8 Key Takeaways from the Psalms

I’m sharing today from The NIV Bible blog.

8 Key Takeaways from the Psalms

The psalms represent a priceless treasure trove of resources for relating to God in all circumstances. They instruct us in how to live, and they teach us great truths about God the great King, his sovereign rule over all things, and his plan for reconciling the world to himself through his Son Jesus, the Christ.

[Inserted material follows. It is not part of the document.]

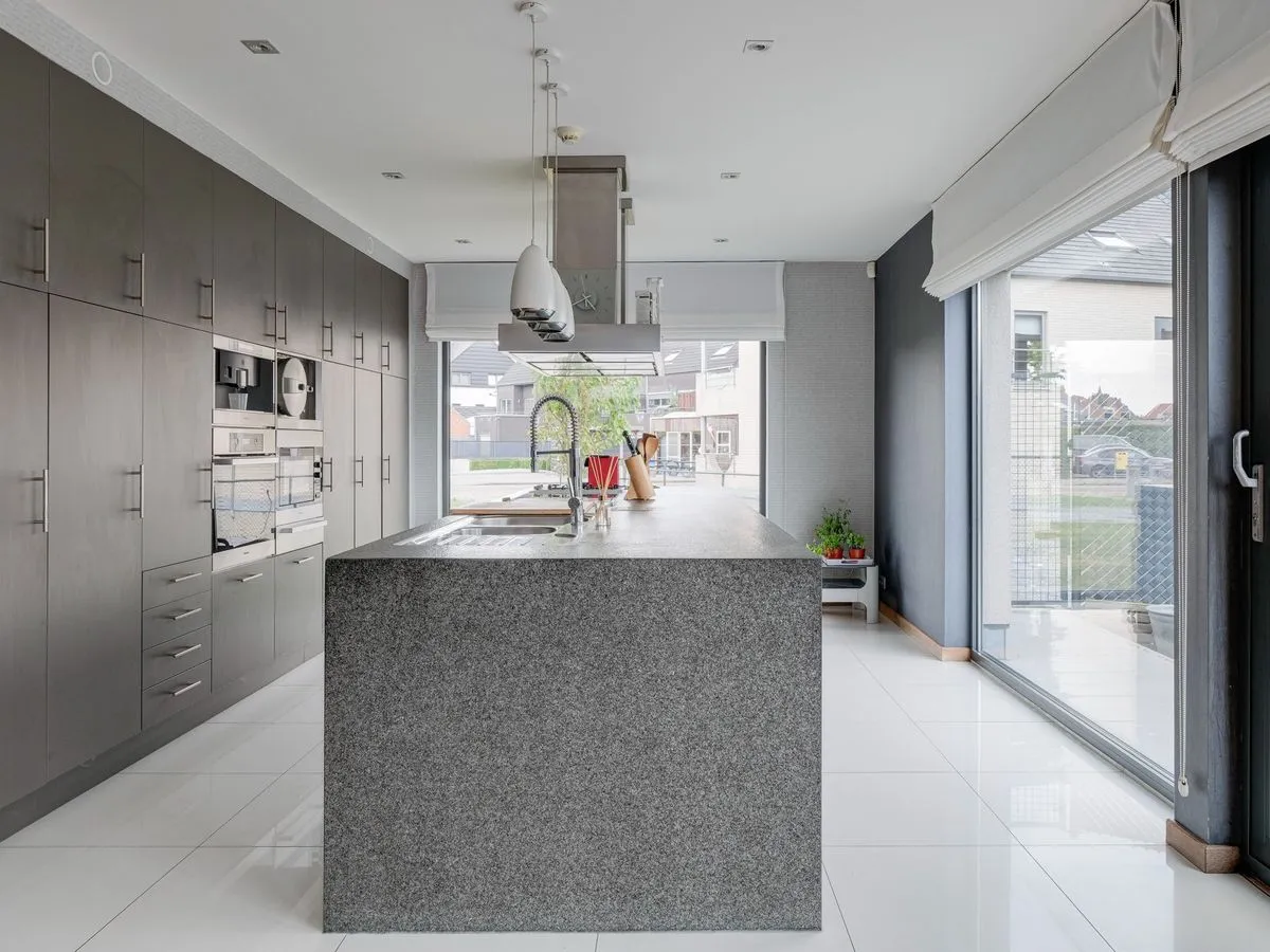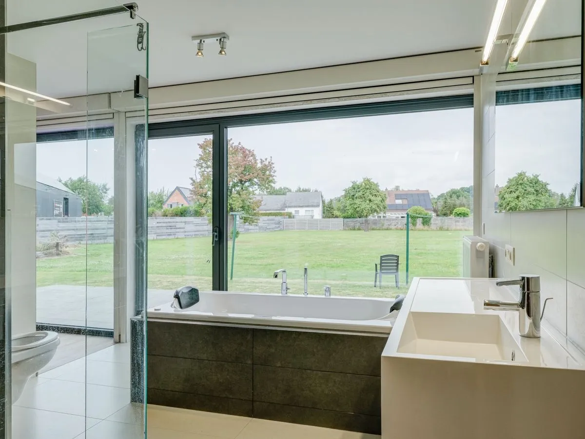 De leefruimte is bijzonder aangenaam en lichtrijk, met grote raampartijen en een sfeervolle gashaard als blikvanger. De open keuken is volledig uitgerust en sluit mooi aan op de eet- en zithoek. Aansluitend bevindt zich een gastentoilet en een praktische bureauruimte, ideaal voor thuiswerk of als hobbykamer/5e slaapkamer.

With all their beauty and spiritually uplifting messages, here are 8 key takeaways from the Psalms.

1. The book of Psalms engages almost all of the great themes of the Bible.

Beginning with Psalms 1 – 2, the Psalter lays out the theme of —
• The righteous versus the wicked and the importance of relying on God and his Word.
• God’s sovereignty and rule over all people and nations.
• The interplay between divine and human kingship.
• God as a place of refuge for all.

2. As human words to and about God, the Psalms instruct us in myriad ways about how to worship God.

They teach us how to sing, dance, rejoice, give thanks, confess sin, grieve, express anger, make requests of God, proclaim God’s name far and wide, and more.

3. The Psalms teach us that God has sovereign rule as the great King over all things.

God rules over creation itself and over all nations and people groups — down to each individual person. As the sovereign King, God asserts his control over the most powerful forces in nature. He proclaims his authority over all the false gods of the nations, gods that were such a temptation for his own people time and time again.

4. The Psalms celebrate that God is a good God.

God is holy, loving, merciful, protective of his people, faithful, a keeper of promises, a giver of good gifts. He protects the vulnerable in society — the widow, the fatherless, the outsider, and the poor — and expects his representatives on earth to carry out this mission.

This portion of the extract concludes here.